## PROBLEM TO WORK ON
Only text lines belong in the answer: the lines from the first one in the records through the line with "Multivitamins, Organic Argan", copied exactly.

## RECORDS SUPPLIED
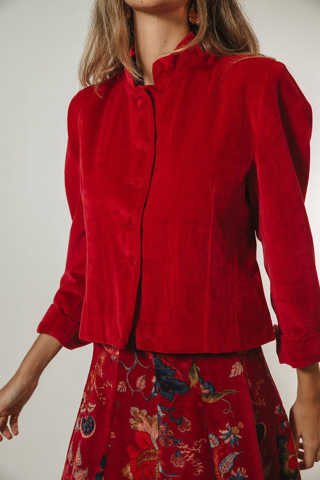 Chaqueta de terciopelo de algodón roja con cuello alto, botones forrados en terciopelo y hombreras.
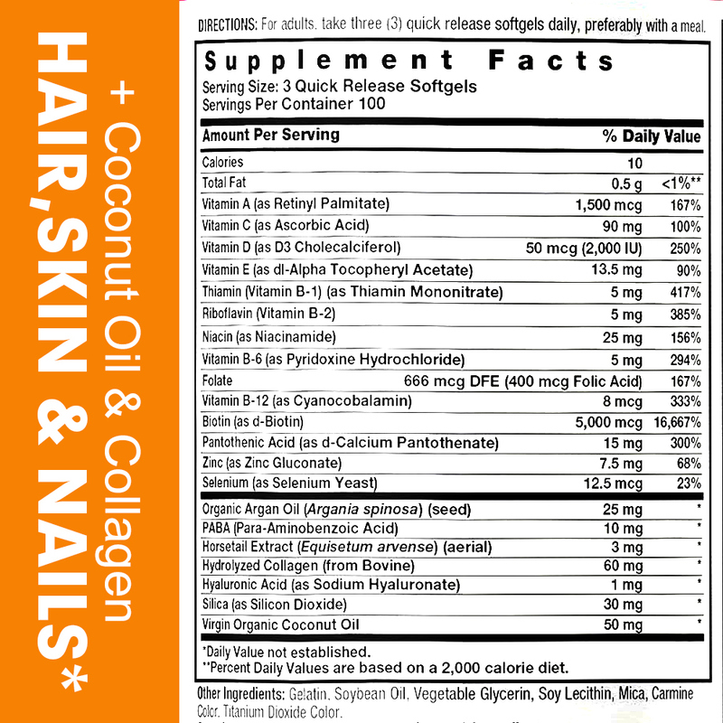 Multivitamins, Organic Argan Oil, PABA, Hydrolyzed Collagen, Virgin Organic Coconut Oil, Silica, Zinc, Biotin
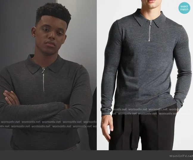 Will Smith (played by Jabari Banks) on Bel-Air on Peacock was spotted wearing this gray zip sweater on Bel-Air on episode 'Pivot' (3x02) in Aug 2024. Will's Sweater is the Merino Wool Sweater by Maniere De Voir.
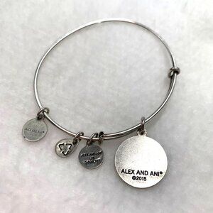 One silver Alex and Ani charm bracelet with one large Path of Life charm and three small charms. Expands from 2.0”- 3.5” to fit most wrists.
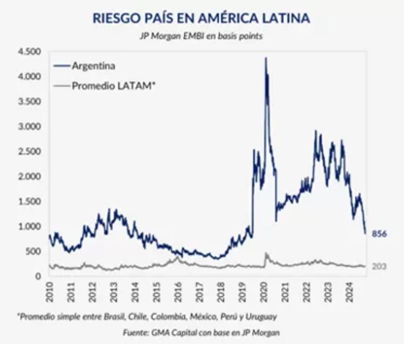 Con este avance, el riesgo país cae a los 818 puntos, el nivel más bajo en la era Milei.
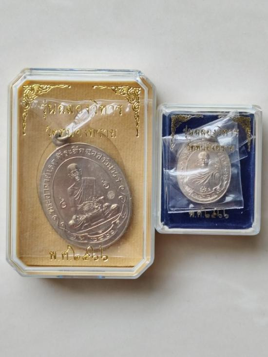 วัดใจยกคู่...เหรียญฉลองวิหาร พระอาจารย์อดิเรก วัดหนองทราย เนื้ออัลปาก้า พิมพ์ใหญ่และพิมพ์เล็ก ปี 2566 พร้อมกล่องเดิมครับ |
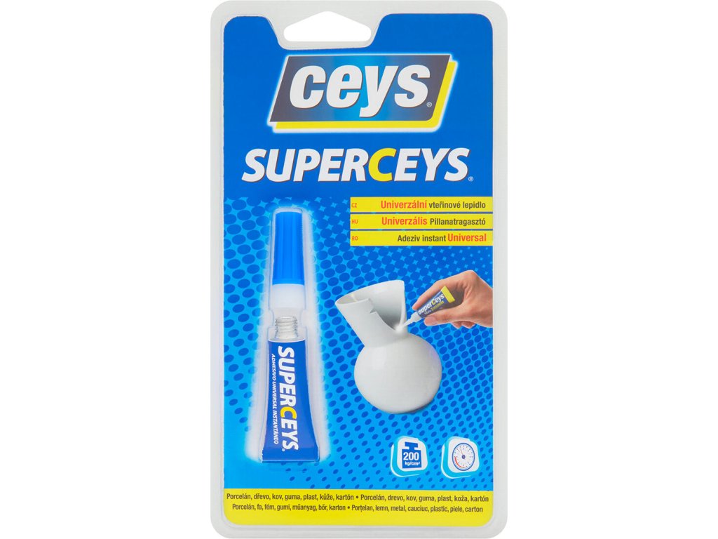 vhodné materiály: porcelán, plasty, kovy, guma, mramor, dřevo, sklo, kůže, karton, papír odolnost zátěži: 180 kg/cm2 teplotní odolnost: -10 - +65 °C pro lepení obtížných spojů Vteřinové lepidlo SUPERCEYS 3g je sekundové kyanoakrylátové lepidlo vysoké pevnosti a velice jednoduchého použití, je ideální pro rychlé drobné opravy a po zaschnutí je transparentní.Doplňkové parametry
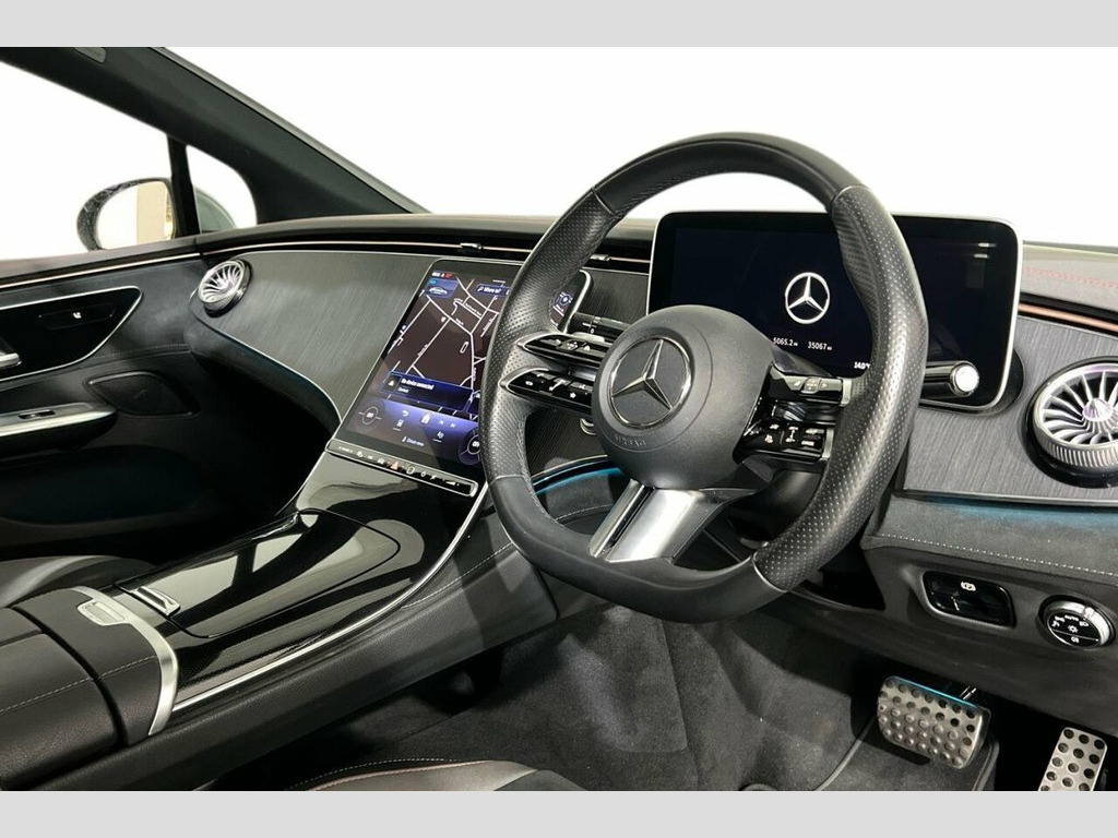 This 2023 Mercedes Benz EQE 300 AMG Line is a superb example, having had only one owner since new. As an all electric vehicle, it offers a remarkable battery maximum range of 376 miles, making it ideal for both daily commutes and longer journeys. The AMG Line trim enhances its sporty appeal with 19in AMG 5-twin-spoke alloy wheels, aerodynamically optimised and painted black with a high-sheen finish. Inside, you'll find comfort and convenience features such as THERMOTRONIC two-zone automatic climate control and ambient lighting, creating a pleasant cabin environment. For seamless connectivity, it includes wireless smartphone charging in the front, and the Parking Package with parking assist and a reversing camera ensures effortless manoeuvring. The EQE 300 AMG Line provides an exceptional electric driving experience. Its substantial 96 kWh battery capacity supports a full charging time at home of 14 hours 10 minutes using a 7kW charger, while the fastest public charging time from empty to 80% is an impressive 35 minutes. These charging capabilities, combined with its extensive 376 mile range, position this Mercedes Benz EQE as a highly practical and efficient choice, offering a superior ownership proposition compared to many other electric vehicles on the market. 11kW On-Board Charger, 12.3in Digital Instrument Cluster Displa, 12.8in Media Display, 170kW DC On-Board Charger, 19in Alloy Wheels - AMG 5-Twin-Spoke Des, 5G Communications Module, ABS - Anti-Lock Braking System, Active Traffic Sign Assist, Air Quality Package, Airbag - Driver, Airbags - Passenger, Ambient Lighting, AMG Brushed Stainless Steel Sports Pedal, AMG Exterior Styling, AMG Interior Styling, AMG Multifunction Sports Steering Wheel , ARTICO Man-Made Leather-MICROCUT Microfi, CCS-2 Connector - DC Charging with Combi, Charging Cable for Wallbox and Public Ch, Charging Socket, Comfort Suspension, Dashboard in Leather Look, Digital Radio, Dynamic Select, Electric Windows - Front, EQ Nav
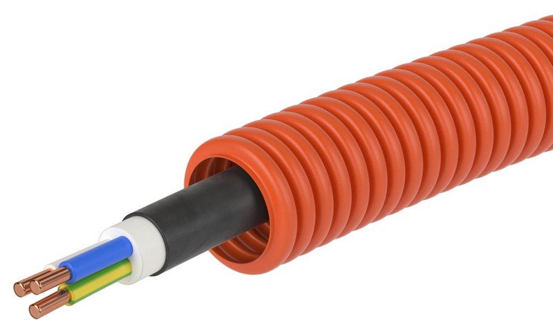 Труба гофрированная с кабелем. Труба гофрированная (ПНД) + кабель ВВГнг(А)-LS 3х2,5 мм² РЭК (ГОСТ+); Ø-номин. 20 мм, IP55, t-раб.-40…+90°С, цвет оранжевый. Бухта 100 м.
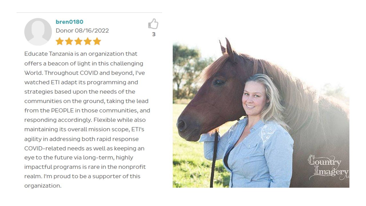 There are 1.8 million nonprofits in the U.S. Educate Tanzania is in the top 1%. See what our supporters have to say ~ be inspired.
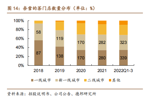 伴隨著品牌創(chuàng)立之初對(duì)標(biāo)的星巴克“大店模式”被逐步放棄,奈雪門店面積變小的同時(shí),門店選址也開始往一線以下的城市延伸。
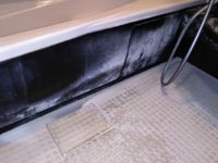 ユニットバスの場合、エプロンという浴槽の前面を覆うカバーが付います。 エプロンを外すとその中は黒カビや石鹸カス、髪の毛、ゴミなどでキタナイです。(画像)掃除前のエプロン内部。浴室はしっかり掃除していても なんだかカビ臭い、ニオウ場合はエプロン内部が原因の場合もあります。汚れが溜まりやすいエプロン内部の掃除をお奨めしております。
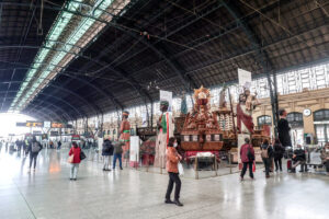 En concreto, se han movido a la Estación del Norte las carrozas de la Mare de Déu dels Desamparats, la Santíssima Trinitat, la Fe y el Sant Calze; las imágenes de Sant Cristòfol y la barca de Sant Nicolau, y ocho figuras más, entre gigantes, nanos y cavallets. Todas estas piezas forman parte de la muestra “Las rocas de València en la Estación del Norte”, cuya finalidad es visibilizar el origen y la importancia de la festa grossa en la ciudad. El traslado ha sido autorizado y supervisado por la Dirección General de Patrimonio de la Conselleria de Cultura, y se ha hecho entre el lunes y el martes, en horario nocturno.
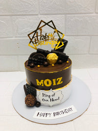 Celebrate Moiz’s birthday with this luxurious two-tone cake featuring a chocolate top layer and a white base with gold accents. Adorned with Ferrero Rocher, Oreo cookies, chocolate bars, and a golden geometric topper reading “Happy Birthday,” this cake also includes heartfelt messages: “King of Our Heart” and “Happy Birthday Moiz.” Perfect for men’s birthdays, chocolate lovers, or personalized celebrations with a royal touch.
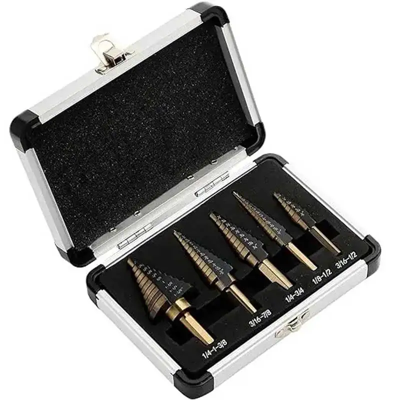 5 ชิ้นบันไดเจาะนิ้วคั่วสีเหลือง Nitriding เจาะสามเหลี่ยม Shank ตรง Groove เจดีย์เจาะขั้นตอนเจาะบิตกล่องอลูมิเนียม - TopDealBox
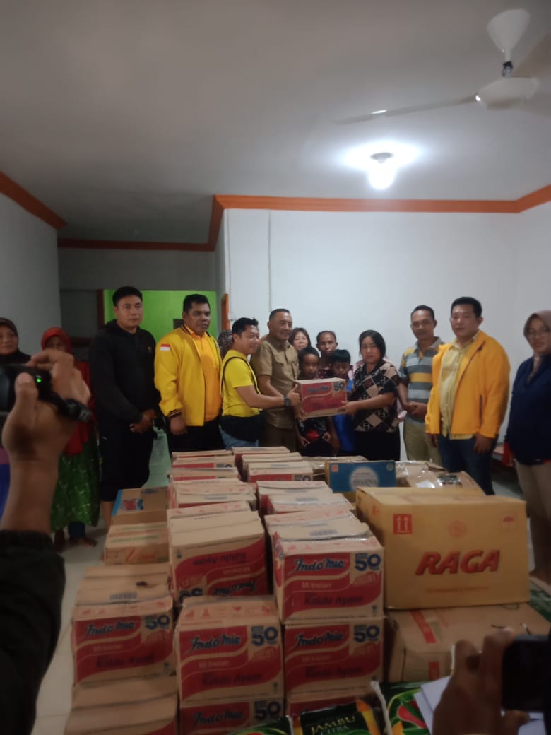 Dalam penyerahan bantuan sembako dan pakaian layak pakai tersebut Ketua DPD Golkar Ketapang didampingi oleh Anggota Fraksi Partai Golkar Henri Wijaya, Tomas Ferlian,S.Ip.,M.Sos, Mia Gayatri,SE, Hery Susanto.A.Md, Gusmani, SM dan Suyanto,S.Ip, Ketua Harian Partai Golkar Harun Harasid,SE, serta Kader Partai Golkar dan dibantu oleh Komcat Partai Golkar, Roket.
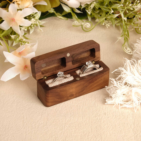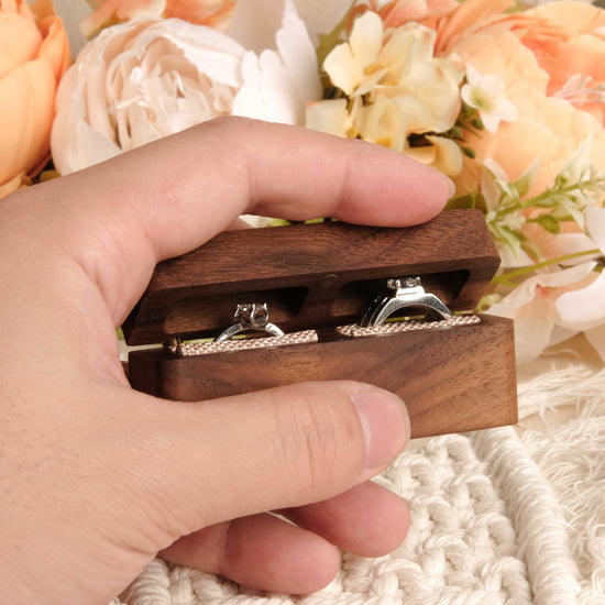 Our material——Walnut, was born natural amidst refreshing environment, gifted from the works of God. Every wooden ring box presents varied grain as time had already curved different traces within.
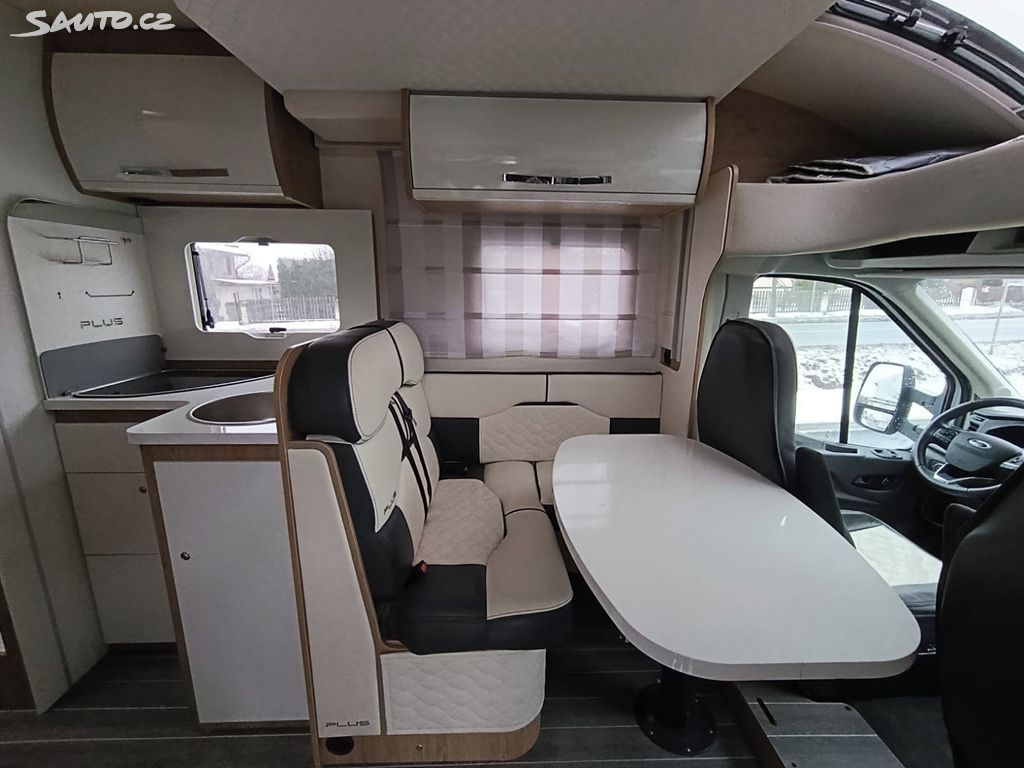 Obytná nástavba: samostatný sprchový kout, WC 17 l, velká lednice 145 l, nádrž na vodu 110 l, odpadní nádrž 120 l, 3× plotýnkový sporák, topení Truma C4, bojler 10 l, Remifront, moskytiéry a žaluzie oken i dveří

## RESULT FOR THIS EXERCISE
 Chaqueta de terciopelo de algodón roja con cuello alto, botones forrados en terciopelo y hombreras.
 Multivitamins, Organic Argan Oil, PABA, Hydrolyzed Collagen, Virgin Organic Coconut Oil, Silica, Zinc, Biotin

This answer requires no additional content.